An update on Jim Gee who is quoted in the above posts.

How does the NZ health sector compare?

There have been a number of "Professionals" whom have been caught over the years with their hands in the jar.

It also impacts on how much we pay in funds to operate hospitals & our levies.

How many "Fraud Investigators" does NZ have in the same arena?

NHS fraud could be as high as £5bn a year, says former health service official

Former counter-fraud director Jim Gee says health service losses could be 20 times higher than official government figure

James Meikle
* The Guardian, Monday 24 March 2014


Fraud may be costing the NHS £5bn a year, more than 20 times the government's official figures, with at least another £1bn being lost due to financial errors, according to a former senior official responsible for tackling the crime.

Jim Gee said the health service loses 7% of its budget annually to fraud and mistakes, amounting to about £7bn, and most of that was down to crime. Official statistics, which show £229m of losses through patients and dentists making false financial claims, are "completely implausible", he said. The government disputes Gee's estimates.

He told the BBC's Panorama programme due to be screened on Monday night that if the NHS was losing only this amount "it would be doing 30 times better than any other healthcare organisation in the world".

Government figures ignored losses that might be taking place in payroll and procurement, areas where there was "great potential for fraud", according to Gee. He is the former director of NHS counter-fraud services, who now chairs the advisory board of Portsmouth University's centre for fraud studies and is an author of the centre's report on the issue to be published this week.

Panorama says its own freedom of information requests reveal there are just over 300 fraud investigators in NHS Protect, the body responsible for tackling economic crime against the service in England and Wales. The Department of Work and Pensions employs six times that number to combat benefit cheats, the programme says.

Gee said the NHS staff wanted to do more but did not have the resources to do the job. "Cutting the budget of NHS Protect sends a message to fraudsters that there will be greater opportunities for them to gather their ill-gotten gains."

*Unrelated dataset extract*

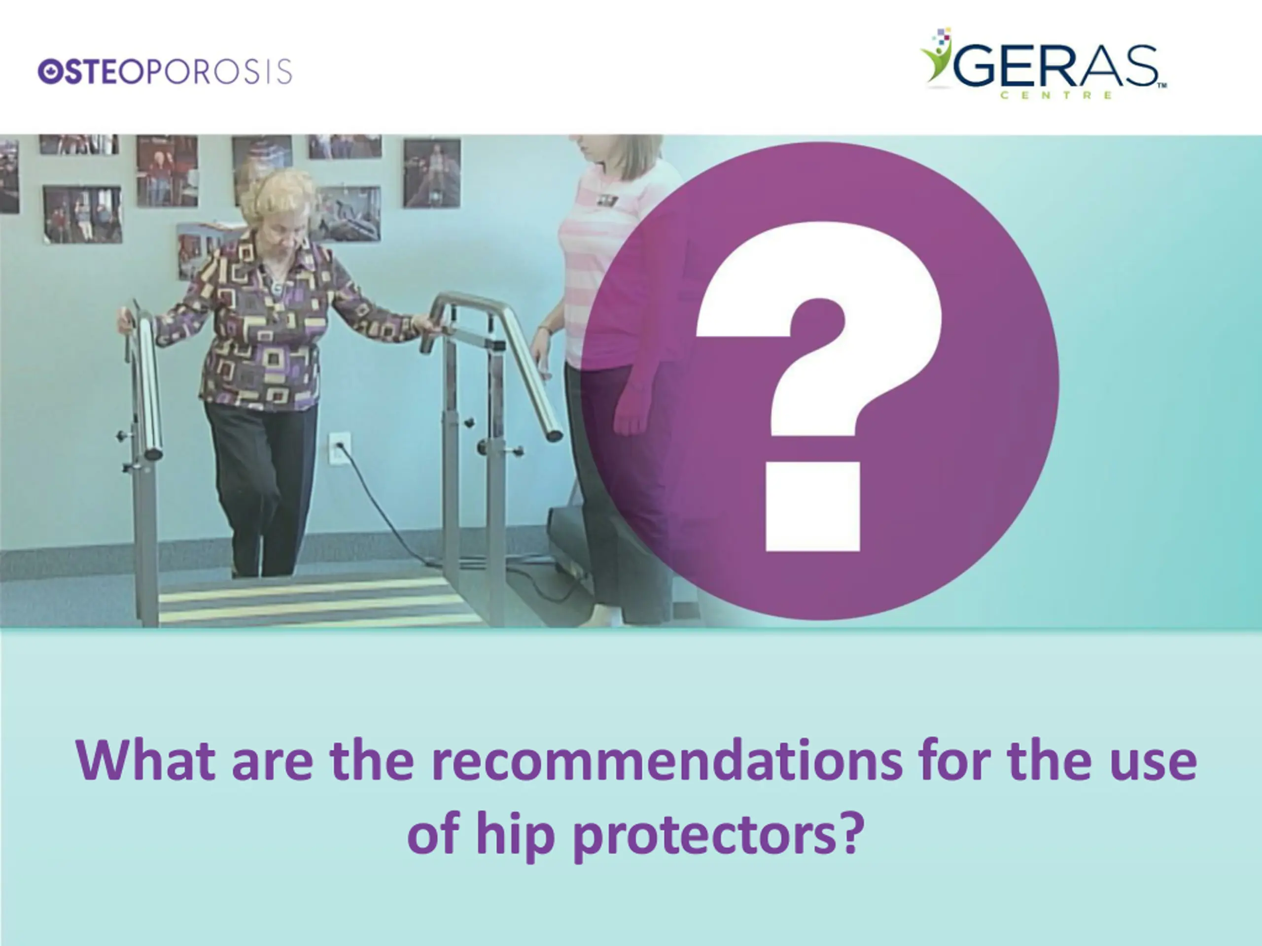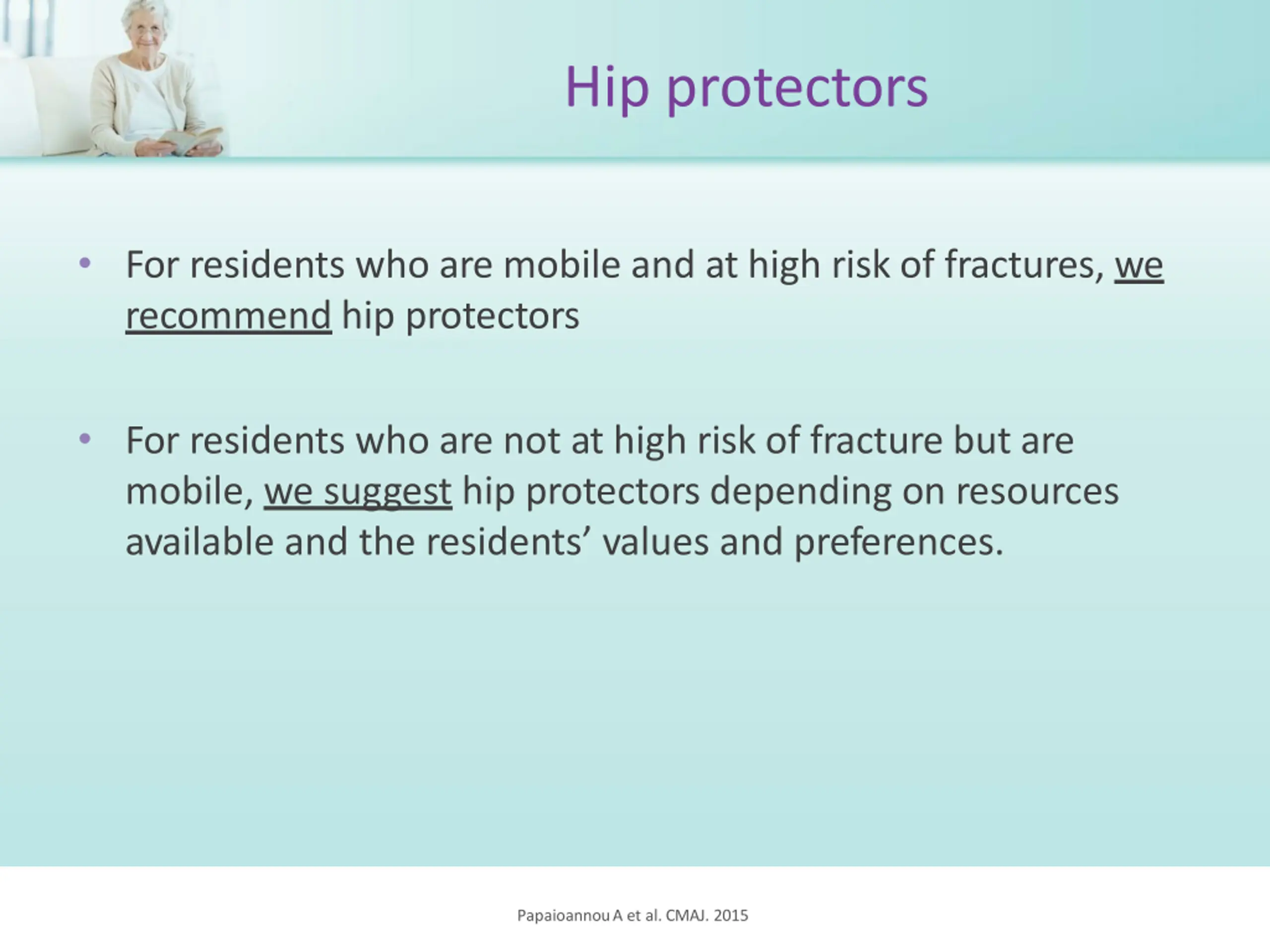 Hip protectors For residents who are mobile and at high risk of fractures, we recommend hip protectors For residents who are not at high risk of fracture but are mobile, we suggest hip protectors depending on resources available and the residents values and preferences. PapaioannouA et al.CMAJ. 2015

Panorama will give examples of individual frauds, including stolen medical products being sold on eBay, a GP using patient records to obtain prescriptions for drug addiction and dentists charging for unnecessary procedures or work they have not done.

The Department of Health
told Panorama in a statement it "did not recognise" Gee's figures, and added last night: "Fraud against the NHS is a crime that can have a serious impact on our ability to deliver high quality health services. Any allegation or suspicion of fraud should be referred to NHS Protect who are required to take appropriate action. When fraud is proven, we expect all appropriate sanctions and recovery action to take place."

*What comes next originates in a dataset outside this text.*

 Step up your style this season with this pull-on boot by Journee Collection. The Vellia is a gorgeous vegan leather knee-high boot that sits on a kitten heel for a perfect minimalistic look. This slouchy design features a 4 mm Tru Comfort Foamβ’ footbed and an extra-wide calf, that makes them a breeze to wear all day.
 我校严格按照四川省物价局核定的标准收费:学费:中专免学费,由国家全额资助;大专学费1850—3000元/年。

Andrew Gwynne, shadow health minister,
said ministers must explain why the NHS was "haemorrhaging" the amounts suggested by Gee. "After David Cameron's costly reorganisation, it can ill afford further ministerial incompetence. Patients are already paying the price.

"The government must account to parliament for this scandalous abuse of precious NHS resources and explain how it will put an end to it."

The £229m figure comes from the government's Annual Fraud Indicator, which only offers two specific areas of NHS fraud, £156m for patients falsely claiming exemption from charges, including for prescriptions, and £73m for dentists making false claims. It says, however, there may be £2.3bn worth of procurement fraud affecting the UK public sector and £335m in payroll fraud in England, Scotland and Wales.

Last week, a Rochdale GP who stole over £62,000 from the NHS was sentenced to nine months' imprisonment, suspended for 18 months, and ordered to pay £50,000 costs by Minshull Street Crown Court, Manchester. Thirumurugan Sundaresan admitted falsifying the records of 1,703 patients to hit targets and increase payments from the NHS to his practice.

Earlier this month, Joyce Trail, a Birmingham dentist jailed for seven years in 2012 for stealing £1.4m from the NHS, was issued with court orders that should see substantial sums given back to the health service. The NHS is also taking steps to cancel her pension.